Participating Cider Week Night Market Restaurants:
Maysville
Northern Spy
The Pavilion
Queens Kickshaw
Taco Santo

These events are free and open to the public and hosted in collaboration with the Union Square Partnership.

When cows fly…

You can now find a little piece of the Hudson Valley on your next JetBlue flight. Ronnybrook Dairy’s blackberry drinkable yogurt is available now on select JetBlue flights to California departing from JFK Airport in New York City and Boston’s Logan International.

Ronnybrook Dairy, located in the Hudson Valley in Ancramdale, New York has been selling at GrowNYC’s Greenmarkets for many years and shoppers can’t get enough. Each market morning, they line up to exchange last week’s bottles and stock up on the dairy’s farm fresh Creamline milk and chocolate milk, ice cream, butter, yogurt and cheeses. Long a favorite of Greenmarket shoppers and staff alike, Ronnybrook’s yogurt drink is the perfect snack to enjoy on your next JetBlue flight out west!

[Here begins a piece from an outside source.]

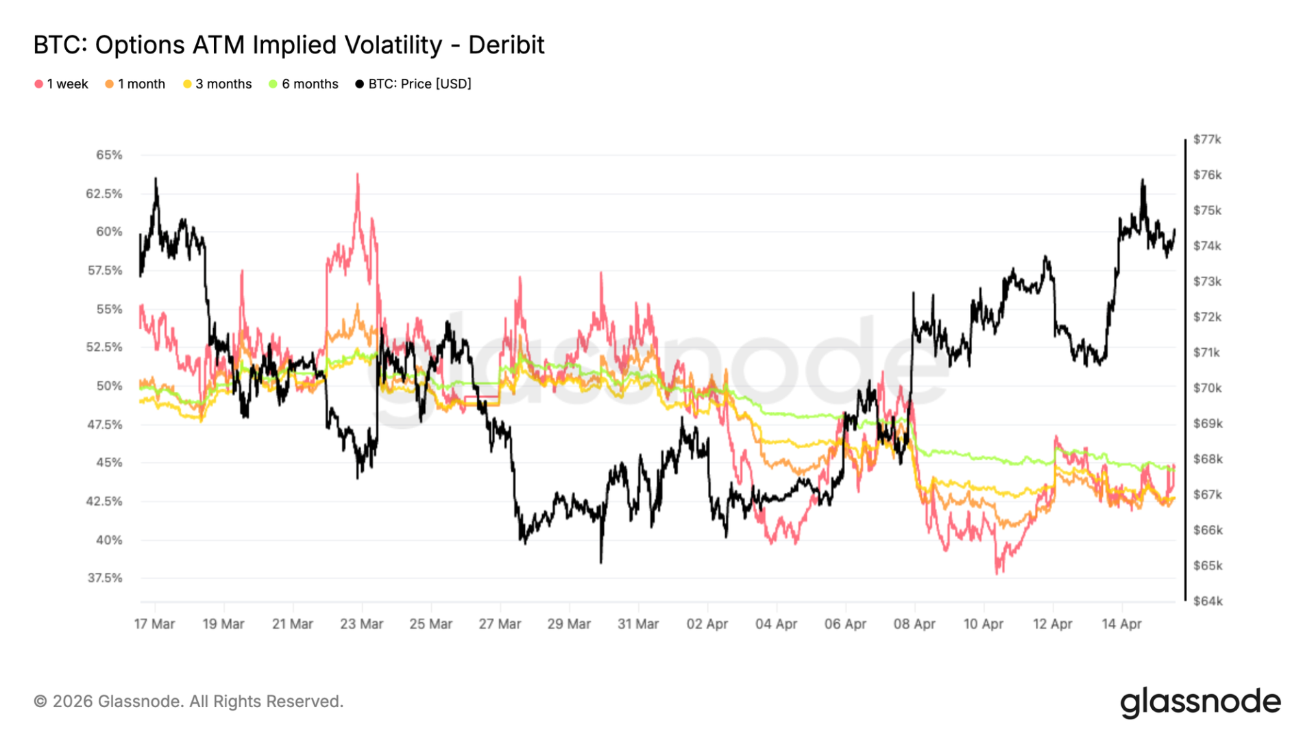 现货的反弹行情并未转化为波动率的有意义重定价,隐含波动率在整个曲线上下降。近月合约走软,而长期期限也重新定价走低,指向波动率预期的整体正常化。期限结构保持相对平坦,1 个月波动率交易在约 42.6%,略低于 3 个月,反映出对定价近期风险的紧迫性有限。这种压缩表明近期地缘政治头条不再被视为持续动荡的催化剂。相反,即使宏观不确定性仍未解决,波动率正被重新定价向更稳定的条件。各期限的平行下移表明交易者正在解除保护而非增加新风险敞口。

Find out which markets Ronnybrook attends here.

Fresh Foodbox profiled in the Observer

GrowNYC's Fresh Foodbox program was recently profiled in a New York Observer article entitled "Overpriced and Underserved: How One Group is Fighting Food Deserts in NYC."  We couldn't have said it better ourselves!

In a city that seems to have a grocery store or fruit stand on every block, it might be surprising to learn that fresh produce is often inaccessible to many New Yorkers. But in areas known as "food deserts," quality produce is difficult to find, especially on a budget. Fortunately, an expanding program at GrowNYC is striving to make eating fruits and vegetables cool, accessible and affordable again.

Each FoodBox includes a fruit, a cooking green, a raw green, an aromatic (i.e. garlic, scallion, onion), and 5-8 fresh and seasonal vegetables. Ms. Tucker claimed that buyers are often surprised by how much food is actually in a FoodBox — enough to feed a family of four for a week when supplemented with grains and proteins.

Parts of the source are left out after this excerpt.